Hello friends, and welcome to Week in Review.

Last week, I talked about some of the happenings in Bessemer, Alabama, where Amazon warehouse workers are attempting to unionize. Well, after plenty of posturing the vote has happened and we should know the results soon as ballots continue to get tallied. This week, I’m going to do my best not to talk about NFTs even though that’s still all anyone is talking about. Instead, I will discuss the mounting challenges facing Clubhouse.

If you’re reading this on the TechCrunch site, you can get this in your inbox from the newsletter page, and follow my tweets @lucasmtny.

The big thing

Clubhouse’s growth is slowing

In a tweet this week, tech journo Casey Newton highlighted that SensorTower, a generally trustworthy app analytics firm, had reported a big drop in month-over-month Clubhouse downloads, 73% to be exact.
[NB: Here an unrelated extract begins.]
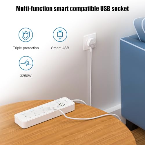 - 【 Certified Safe & Reliable】 Compliant with UKCA & CE standards, this 4 Way Extension Lead with USB Slots includes overload, over-current, and short-circuit protection for worry-free use. Backed by a 12-month warranty and 24/7 customer support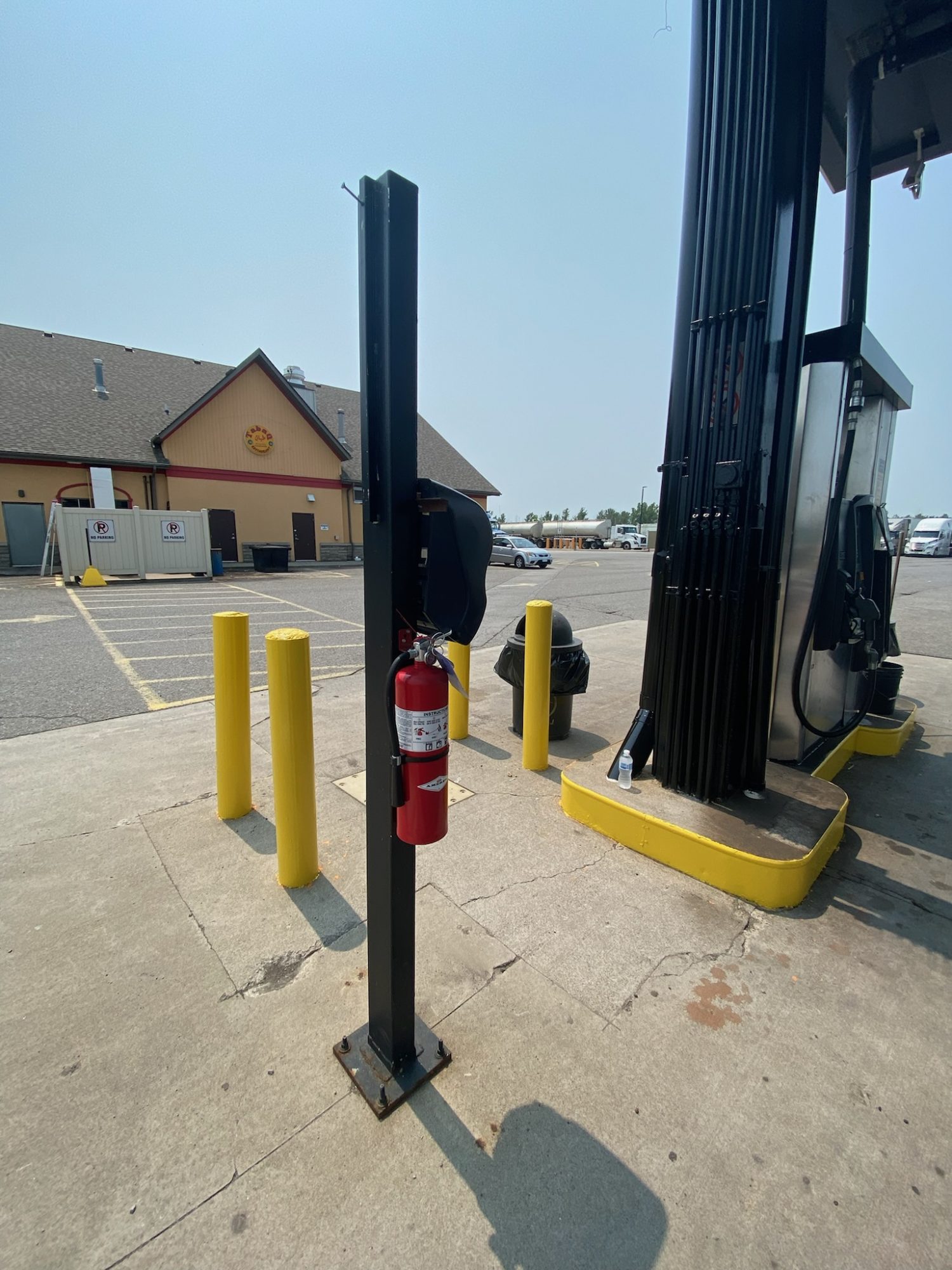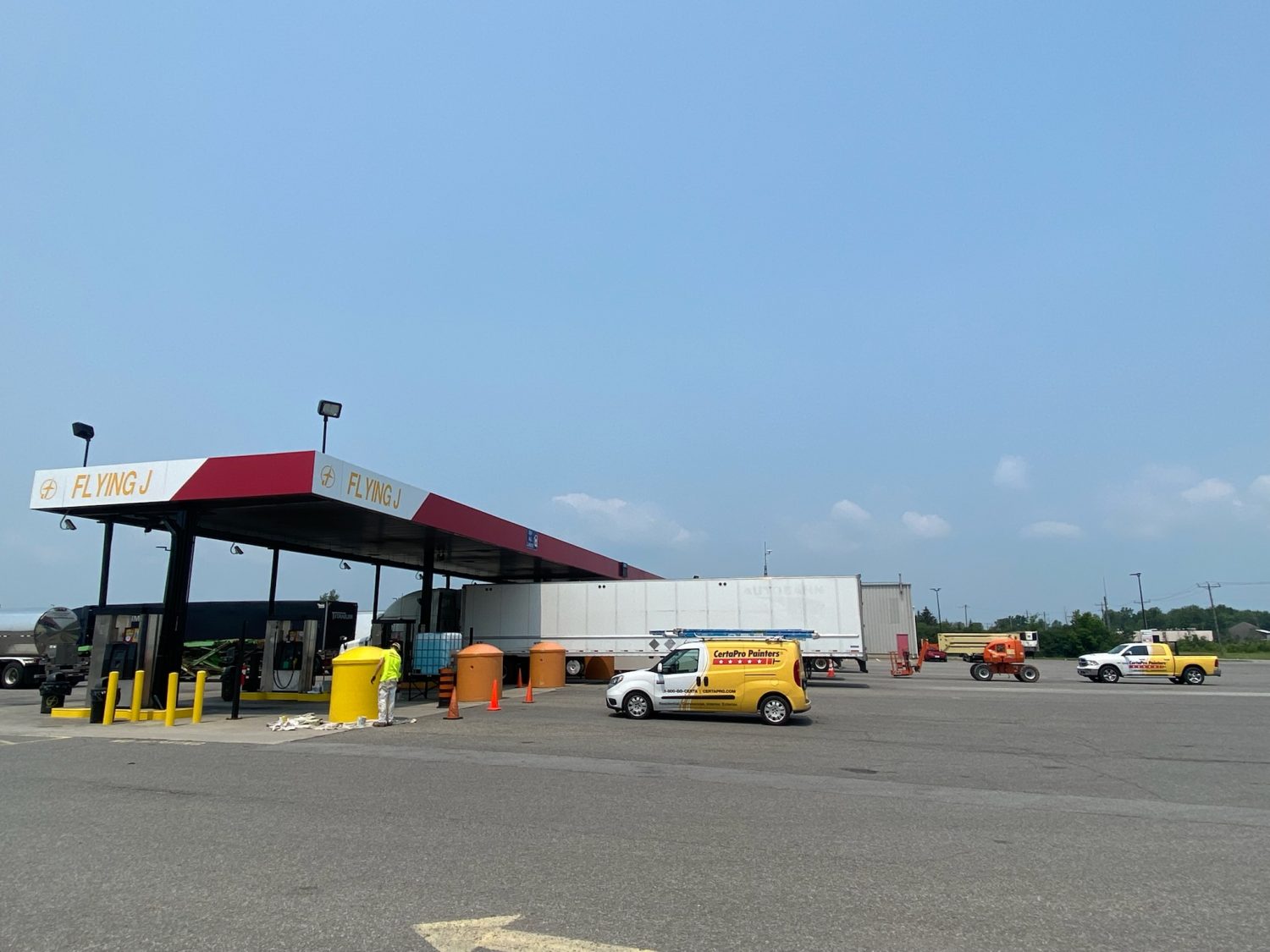 Truck Stop and Gas Station project for Flying J in Fort Erie Ontario. Bollards, canopy structure, light standards and pylon signs repainted.

Now, 2.6 million monthly installs isn’t bad for a consumer app, but it’s also not the hockey stick growth investors want when your previous month saw 9.6 million downloads. With a billion-dollar valuation under its belt, rocket ship growth is a must.

Clubhouse is just another app, but it has been a hot topic over the last year in Silicon Valley circles, largely because we’ve seemed to go several years without a social media startup getting quite this hot quite this fast. Part of that has been the frothiness of venture dollars as of late, but a bigger part has been the excitement around audio opportunities highlighting a clear gap in the social market.

Well, as quickly as it’s been highlighted, it has been studied and the copycats are about to start flying.

Twitter has long been publicly testing its Clubhouse competitor — Twitter Spaces — but who else is looking at this space? Turns out, pretty much everyone. Facebook, LinkedIn, Discord, Spotify and Slack all have initiative in the works. It’s a lesson that the tech industry et large seems to have learned from Instagram and Snap, it’s not the idea that matters, it’s the execution. Furthermore, it’s not who was first, it’s who kept the growth going.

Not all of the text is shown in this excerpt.